Quote Originally Posted by batwister View Post
When I sent out my latest roll of colour on Monday for processing, the feeling of "these could be great, my best yet" was particularly strong. Then the snow came and I panicked about the possibility of lost mail, wondering if the universe was having its way with me. Anyway, the negs arrived this morning, a day earlier than usual and low and behold, they were terrible, strange, "what the HELL was I thinking?" bad.

The anticipation is always intense when I send off my colour work and during the week long wait, I begin editing the unseen images in my head, thinking about books, exhibitions, changing the world. You can imagine the downer then when I actually see them and they aren't anything like I imagined. This rollercoaster of emotions is becoming a little too much, perhaps even having an affect on my mental health. I haven't made a single picture I've been happy with for over a year and I can't stop beating myself up about it. Has anyone else had such a long span of fruitless results? I'm incredibly hard on myself with photography, but it's getting a bit silly. I've forgotten how to just enjoy it, it's like my life depends on every image I make.

Am I losing my mind?

NO, I don't think you are losing your mind. But I do think you are not quite in touch with reality.... Even a well known pros, I mean world renown pros, often say if they made ONE great image per year, they did well. So what's the chance for common folks like you and I doing better than that? It's normal and quite natural to be quite excited about the last shooting and do some "mental exercise" about what you might do with the great image. But, if you are really having that much of anxiety attack over it, it's not healthy. If you are dreaming about great sales, exhibitions, and so on, for every single roll, you need to set your expectation for yourself right.

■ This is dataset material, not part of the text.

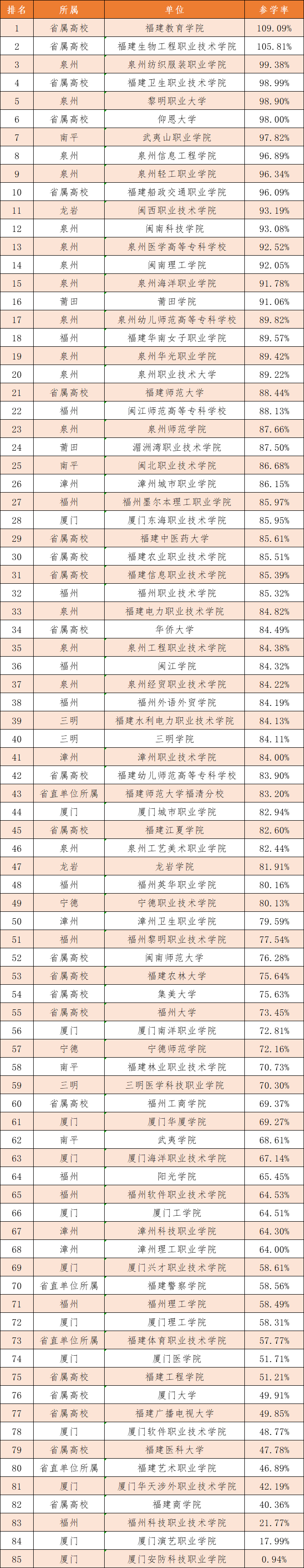 第九季第十三期“青年大學習”網(wǎng)上主題團課,高校團委中共有49所學校參學率達到80%,對以下各高校的團組織提出表揚:福建教育學院本周109.09%參學率獲得第一名,參學率最高。福建生物工程職業(yè)學院獲得第二名。排名第三至第五名分別泉州紡織服裝職業(yè)學院、福建衛(wèi)生職業(yè)技術(shù)學院、黎明職業(yè)大學,排名第六名至第十名為仰恩大學、武夷山職業(yè)學院、泉州信息工程學院、泉州輕工職業(yè)學院、福建船政交通職業(yè)學院。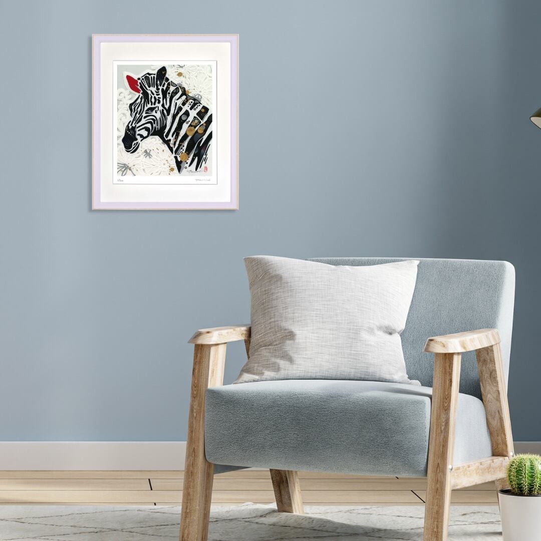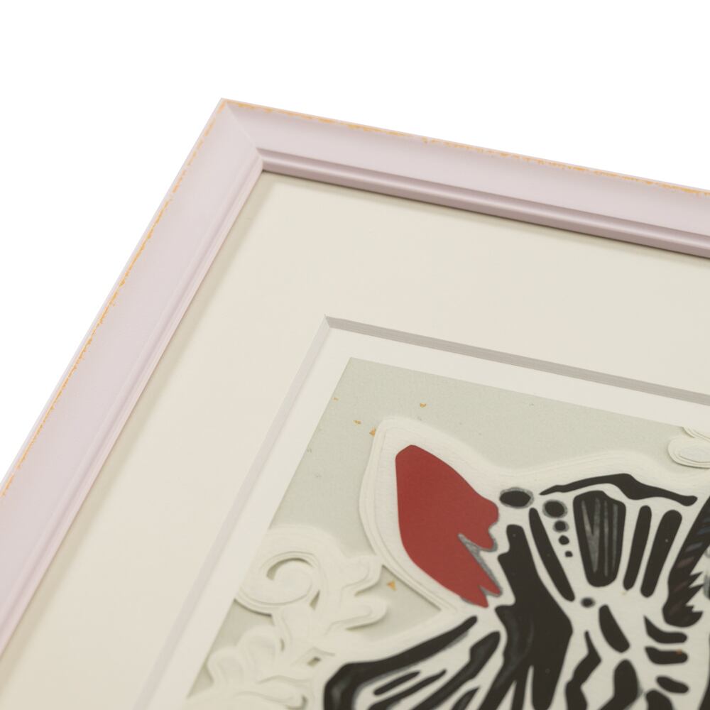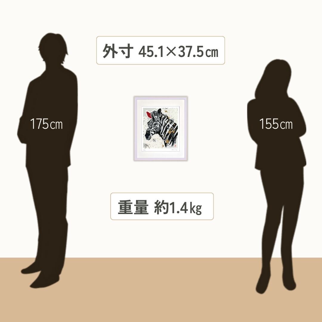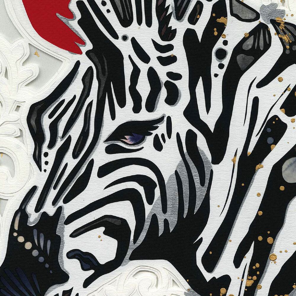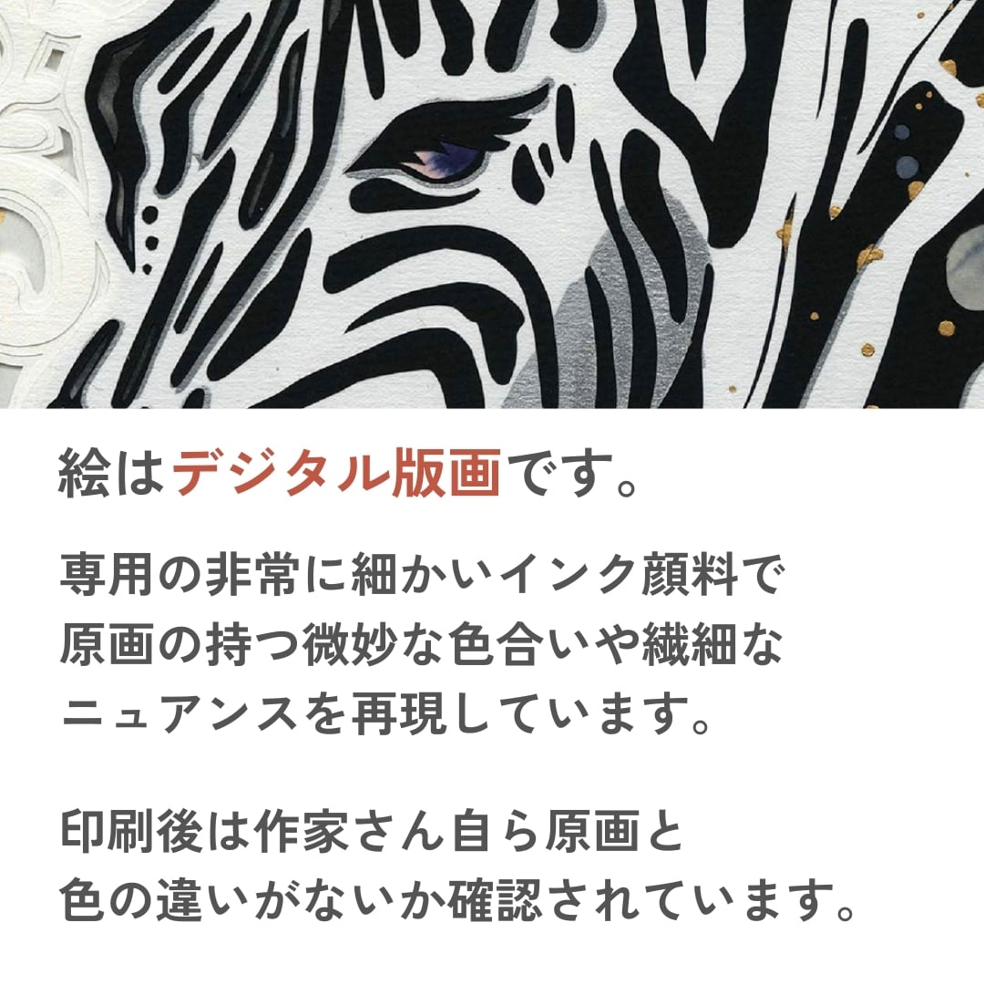 力強くも気品を漂わせるシマウマが、鮮やかな黒と白のコントラストで描かれています。特徴的な縞模様がリズムを生み、画面全体に美しい動きを与えているのが印象的です。耳の内側に配された鮮烈な赤がアクセントとなり、モノトーンの世界に躍動感を添えています。背景には繊細な花模様が施され、動物の野性味と優美さが見事に調和しています。金の煌めきが散りばめられていることで、画面に奥行きと輝きが加わり、観る人に洗練された印象を与えます。写実と装飾のバランスが絶妙で、動物の力強さをアートとして昇華させた一枚です。

To me, every "terrible result" is a appointment but also a chance to really evaluate what I did wrong and formulate a plan for the next time. So it's always a mixture of positive and negative. Even great image has something to improve upon. So, I never have a fruitless result.

Do I have long stretch of no keepers? Yes. I'm in one right now.

I wish you learn to relax more. If it's too much for you, set down your camera for a while and do something else.